The future of workers in AI times

What skills will workers need in the age of AI?

Work is changing rapidly, technology makes us change the traditional way of working but is it real that one day robots are going to replace us at work or are we just going to have to adapt and benefit from them?

A report from the World Economic Forum suggests that while 75 million jobs may be displaced globally by a shift in the division of labor between humans and machines in the next five years, 133 million new roles may emerge that can be better suited to this division. This means that we could see 58 million new jobs created in just half a decade.

But then we have another question to ask ourselves, what will these new roles look like and what skills will workers need in the age of AI?

Simply put, the power of AI lies in its ability to automate tasks. Today, companies are already implementing AI to take on mundane, repetitive, or simply time-consuming responsibilities.

AI algorithms can find, process and produce valuable information from data at lightning speed. This is an advantage since it generally does it with much greater precision than humans; in fact, human error can often be a great cost to companies.

Chatbots are a simple example of how AI can overcome basic functions. From retailers to banks to real estate agents, companies spanning different industries are employing these digital assistants to perform important customer service tasks. Based on the vast amount of data they have access to, they are now often the first port of call for customers seeking answers to standard questions.

But it is not so easy to substitute human labor. AI can't function without human supervision either, which means we need people who can interpret the results, maintain its performance, and intervene if something goes wrong.

STEM skills will be vital in enabling people to take on the jobs that will emerge from AI and automation. AI cannot exist without good data. Consequently, those working with this technology must be adept at interpreting data, finding patterns within it, and identifying which data sets would be useful for AI training. Data literacy skills will also allow workers to spot problems with AI and find solutions to ensure it works as efficiently as possible.

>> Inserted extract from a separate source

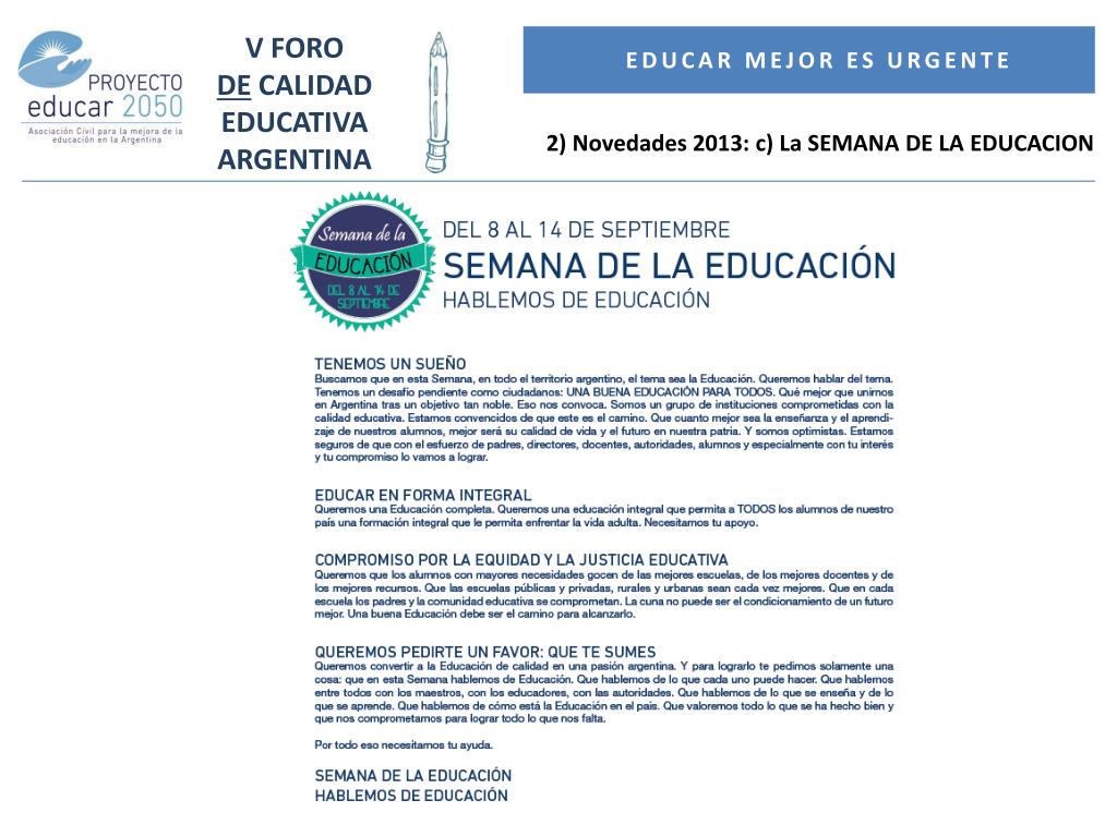 V FORO DE CALIDAD EDUCATIVA ARGENTINA Educar mejor es URGENTE 2) Novedades 2013: c) La SEMANA DE LA EDUCACION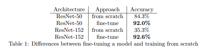 对于少量的数据集,迁移学习的微调相比于从头训练具有很好的性能。

Data analysts and scientists, software and application developers, and e-commerce and social media specialists are just a few of the many roles that will grow in importance in the coming times.

However, we cannot expect all of us to become data scientists. Paradoxically, automation will also increase the need for "soft" skills. Humans will be left with responsibilities that require problem solving, social and emotional response, and creative thinking.

In fact, the same report suggests that we will begin to see doors open for roles that require more distinctive "human" skills. These include positions such as customer service workers, human resource specialists, and innovation managers.

Qualities such as empathy, adaptability, and leadership remain clearly important assets that people bring to business.